Very nice strategical puzzle

[Raman]

This is an excellent strategical puzzle to tune up your brains.

There is a box containing n holes. Two players put balls into these holes alternatively. (Assume that the box contains holes along a straight line, so that you cover up these holes in sequence.) Let player 1 start up with the game. Each player can put between min and max balls into the box in one turn. The person who puts the last ball will be the winner or loser, that is decided and fixed prior to the game, randomly.

The values of n, min, max are also decided and fixed prior to the game. For simplicity purposes, let us assume that 20 ≤ n ≤ 50 and then that 1 ≤ min < max ≤ 10.

If the person who puts the last ball is the winner, then for what values of n, depending upon min and max, will player 1 win the game, and then for what values of n will player 2 do so? Assume that both the players play so cleverly. Thus, what about the case if the person who puts the last ball is the loser? (If there is less than min slots remaining at the end, then the last player can put less than min balls during his last turn. Otherwise, the minimum number of balls that a player can put up within his turn is min only.)

[axn]

1. compute N mod (min+max)
2. ?????
3. Profit!!!!

[Raman]

Yeah. Here is the secret of the game.
If the player who puts the last ball is the winner, then
player 1 wins if N = 1 to max (mod min+max)
player 2 wins if N = max+1 to min+max (mod min+max)

If the player who puts the last ball is the loser, then
player 1 wins if N = min+1 to min+max (mod min+max)
player 2 wins if N = 1 to min (mod min+max)

In either case, player 1 wins with probability (max)/(min+max)
player 2 wins with probability (min)/(min+max).

Here is the explanation:
If the player who puts the last ball is the winner, then that player who wins must reach N mod (min+max). Maintaining N mod (min+max) is the secret behind the game. If a player puts x balls, (between min and max), then the opponent will put the complement min+max-x, thus maintaining constant. If N mod (min+max) is between min & max, player 1 will acquire it within the first turn itself.

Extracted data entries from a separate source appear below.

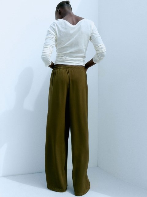 H&M Women Mid-Rise Loose Fit Wide Pull-On Trousers
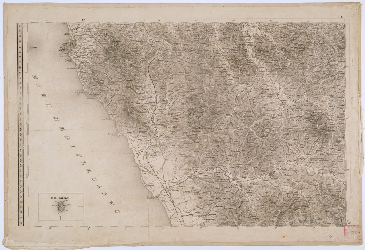 "COSTRUTTA SOPRA MISURE ASTRONOMICHE-TRIGONOMETRICHE ED INCISA SOPRA PIETRA A VIENNA NELL'I. R. I.G.M. PUBBLICATA NELL'ANNO 1851. TOPOGRAPHISCHE KARTE DES KIRCHENSTAATES UND DES GROSSHERZOGTHUMES TOSCANA NACH ASTRONOMISCH TRIGONOMETRISCHEN VERMESSUNGEN BEARBEITET UND AUF STEIN GESTOCHEN ZU WIEN IM K. K. MILITARISCHEN GEOGRAPHISCHEN INSTITUTE HERAUSSGEGEBEN IM IAHRE, 1851. Carta in 53 fogli compreso il titolo, costruita dall'I.G.M. Austriaco col consenso del Granducato e dello Stato Pontificio, poggiata su regolare triangolazione eseguita dall'Ing. Giovanni Marieni dal 1840 al 1843 e basata per la parte topografica su le mappe catastali rivedute sul terreno. Per sistema di proiezione, disegno, dimensioni, ecc., consimile alle carte alla stessa scala del Lombardo-Veneto, e dei Ducati di Modena e Parma (vedi Carta Topografica del Regno Lombardo-Veneto... n. 81 d'ordine - Cart. d'Arch. n. 52 - Docum. n. 2 e 4 Carta Topografica dei Ducati di Parma Piacenza e Guastalla... n. 8 d'ordine - Cart. d'Archivio n. 53 - Docum. n. 5 e 6 Carta Topografica del Ducato di Modena... n. 10 d'ordine - cart. d'Archivio n. 53 - Docum. n. 7 e 8). Per maggiori notizie vedasi Mori A., La cartografia ufficiale in Italia e L'I.G.M., Pagg. 69-70 e 80. La carta mostra gli abitati distinti in base alla loro importanza amministrativa, i luoghi fortificati, comuni, frazioni di comuni, boschi, prati, saline, vigne, oliveti, risaie, paludi canneti, barene, sabbie, ecc., le ferrovie, le strade di 1a e 2a classe, quelle provinciali, le comunali, le comunicazioni per carri, bestie, pedoni, argini, acquedotti, confini politici ed amministrativi, ecc. Orografia a tratteggio. Essa è inoltre sussidiata di numerose notizie geografiche, storiche e statistiche, tabelle delle elevazioni dei punti trigonometrici sul livello del mare, delle coordinate geografiche, dei luoghi principali, ecc. V'è pure annesso un quadro d'unione e un " Cenno " sulla costruzione della carta. Una delle due copie inventariate sotto il n. 85 dell'inv. gener. (carta della Biblioteca) ha una riproduzione del foglio titolo eseguita dall'I.G.M. nel 1885. La stessa carta è presente anche presso l'Archivio Cartografico (numero d' ordine 54-Cart. d'Arch.54-Docum.11 e 13) e contiene anche il Quadro d'unione corrispondente al Fogio F16 e il Foglio G6."
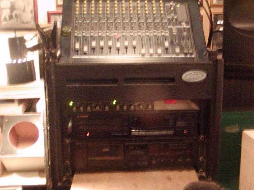It was a full rack, with a 1402 VLZ Pro Mackie mixer, 4U rackmount PC, Alesis rackmount EQ, Alisis MidiVerb, Pioneer LaserDisc player, and it all ran through a t.c. electronic finalizer before hitting a three way stereo crossover and feeding 3 QSC amps.
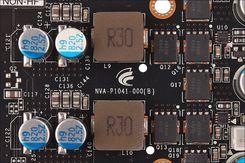 供电设计方面,该显卡内置了4+1相的供电,并且选取了高质量的封闭电感与全固态电容,每相配备了3个8pin封装的MOS管,供电电阻比大众化6pin封装的更低,用料与做工均让人感到满意,相信该卡还有一定的超频潜能。
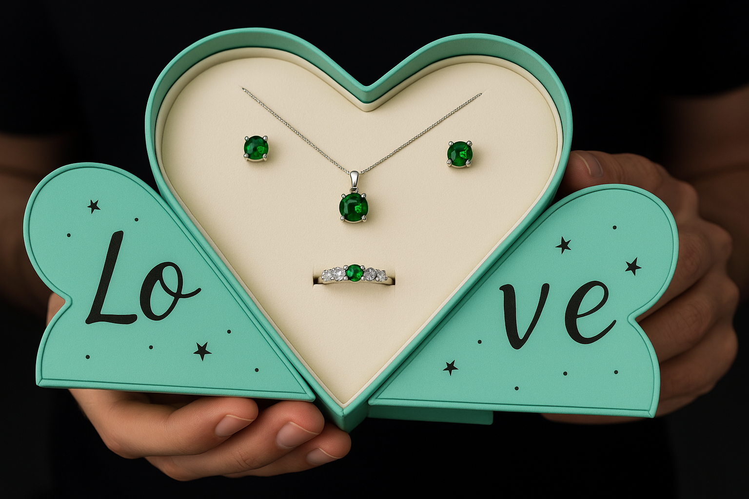 This heart-shaped box holds a timeless 4-piece set designed to turn heads:
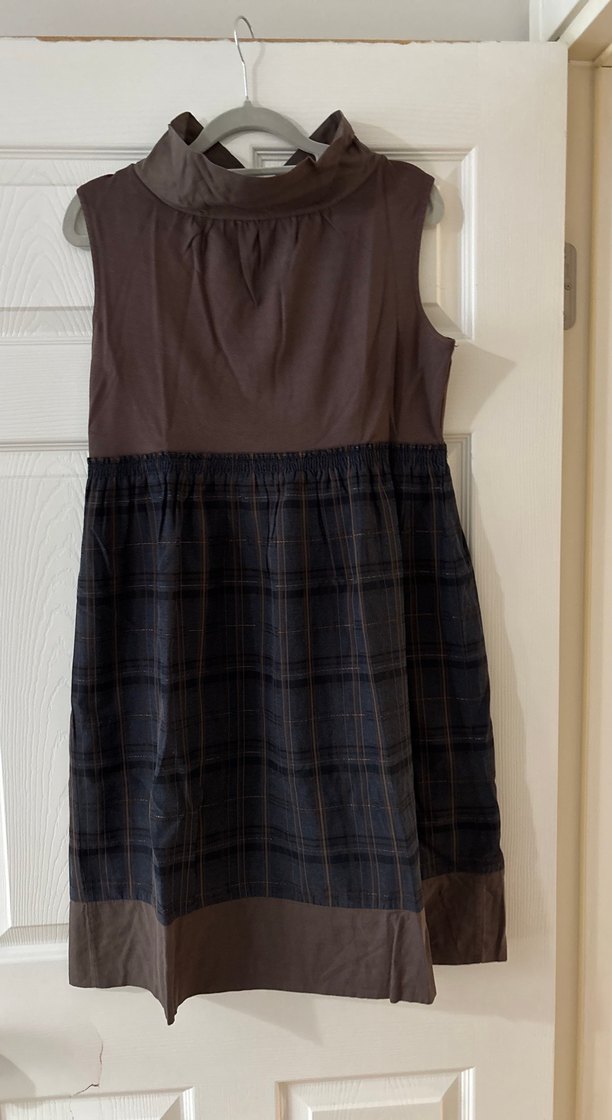 Kolsuz, yüksek yakalı ve bol kesimli hamile elbisesi. Koyu kahverengi üst kısmı ve ekose desenli etek kısmıyla rahat ve günlük kullanıma uygun.
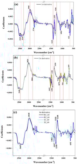 The FTIR spectra of the puree samples showed absorption bands at various frequencies that were related to the presence of various functional groups that are part of the chemical compounds present in food samples, such as alcohols, phenols, aldehydes, sugars and amino acids. To facilitate the analysis, discussion and comparison of the results obtained, the spectra were pre-processed using the first derivative (Figure 4). After the pre-processing, the FTIR spectra of all raspberry and strawberry purees with the most variability could be observed at around 3600–3100 cm−1, 3100–2800 cm−1 and 1500–1050 cm−1 (Figure 4a–c).
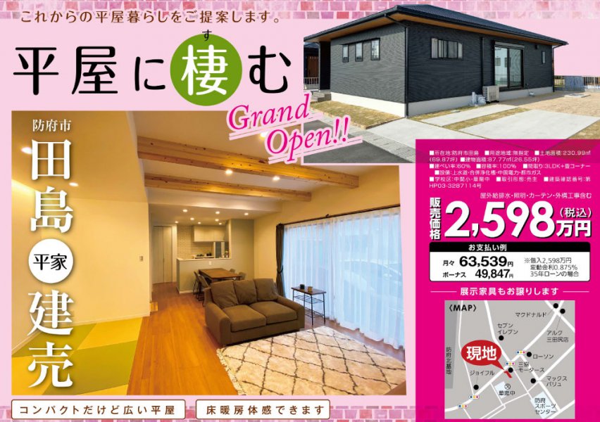 3LDK+畳スペース付きの平屋が防府市田島に登場!

If it is 0, then player 1 trivially loses up as player 2 will put complement in first turn itself. If it is max+1, then player 1 should play greater than or equal to max-min+2, otherwise player 2 will acquire max+1 (mod min+max). Player 2 will have to again keep up less than or equal to min (mod min+max) to avoid player 1 seeking max+1 (mod min+max). Going this way, player 2 wins. Also, similar case between max+1 and min+max-1, where player 1 plays higher, player 2 keeps up lower. If N (mod min+max) is less than or equal to min, then similarly player 1 keeps up lower, player 2 keeps up higher. Player 1 wins, within this case.

If the player who puts the last ball is the loser, then the winner must acquire between N-1 and N-min (mod min+max). For N (mod min+max) = min+1 and max+1, player 1 can acquire N-1 within the first turn itself. Between max+2 and max+min, player 1 can acquire something between N-1 and N-min during the first turn. For N = 1 (mod min+max), player 2 will acquire N-1 during the first turn itself, by putting up the complement of whatever player 1 puts. For N between 2 and min (mod min+max), player 2 always wins up, as putting complement will give up something between N-1 and then N-min only, thus.

Nice?